THE SIT DOWN
03: LORENA LEVI
It’s hard to trace a straight line in Lorena Levi’s practice. From someone who doubted whether she could make a living from being an artist, to now: solo shows, major prizes, and a deeply original body of work that takes the private and turns it inside out.
Following a foundation year at City & Guilds, she moved to study Fine Art and History of Art at the University Edinburgh. That mix — the making and the contextualising — continues to shape her practice now. “I liked the independence of the course,” she says, “it gave me space to follow what I was actually interested in.” That independence also led to a crucial thread in her work: finding moments of humour or intimacy within difficult subject matter.
Her early works dealt with health and personal histories — made tangible through a series of small, disarming portraits of people on the toilet. “Giving context aids the work,” she says, and these paintings became tiny psychological studies: downward gazes, distracted stares, the flicker of privacy made public.
Lorena's influences include Paula Rego, Alice Neel and Marlene Dumas — artists concerned with the body, the interior, the quietly haunting. But her subjects have shifted over time. These days, she often paints people she hasn’t met. During lockdown, she turned to Omegle, having pseudo-therapy conversations with strangers across the world: stories of families, futures, regrets. Their faces weren’t what stuck — it was their voices, their truths. The resulting works are imagined figures: soft, dream-like composites of intimacy, detachment, and fleeting connection.
In 2023, she embarked on a more investigative body of work — a project focused on the incel subculture, sparked by conversations she had through a Reddit account co-run with her then-boyfriend, an investigative journalist. She spoke with self-proclaimed incels — some trying to escape, others lost in loops of self-loathing — and built scenes from their testimonies. The work is confronting, strange, and steeped in the tragic loneliness that runs through her wider practice.

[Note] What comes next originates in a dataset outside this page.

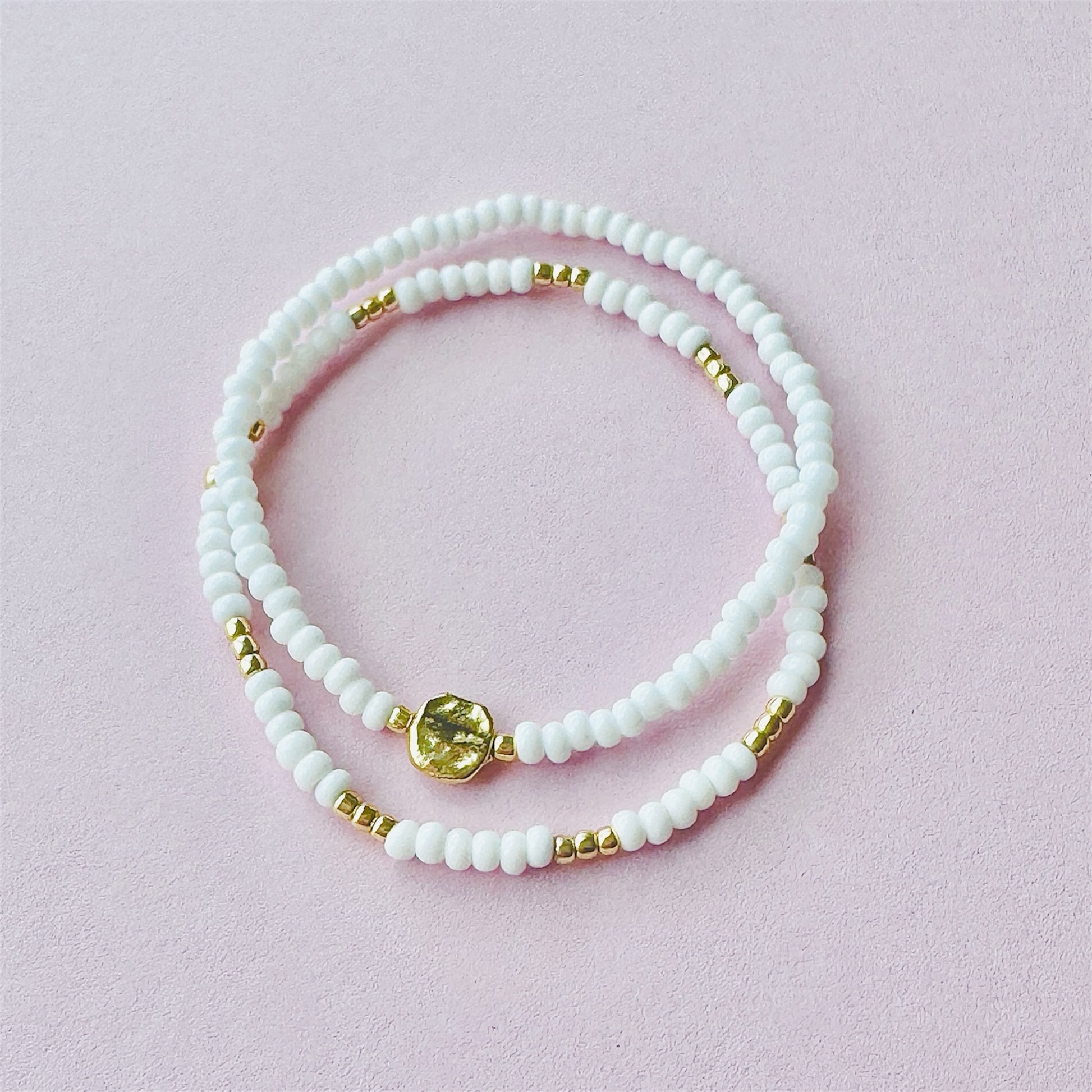 A set of two beaded bracelets featuring a 24K gold plated accent bead. The perfect accessory to add elegance and charm to any outfit.

Though born in Istanbul, Lorena has spent nearly all of her life in London — and that dual sense of belonging and distance creeps into her work. Her portraits are no longer direct depictions; they’re reflections, echoes, constructed from fragments of stories, sometimes barely visible beneath the surface of the wood she paints on.
In 2022, she was selected for New Contemporaries and won the Jackson’s Art Prize. A solo show was due to take place at Marlborough Gallery in May 2024, but the gallery closed suddenly just weeks before. The body of work, originally intended for that space, now sits in her studio — a number large pieces, each one intensely personal, and waiting for the right moment, and place, to be seen.
If Lorena’s practice has taught us anything, it’s that even in transience, in the in-between spaces, something lasting can emerge.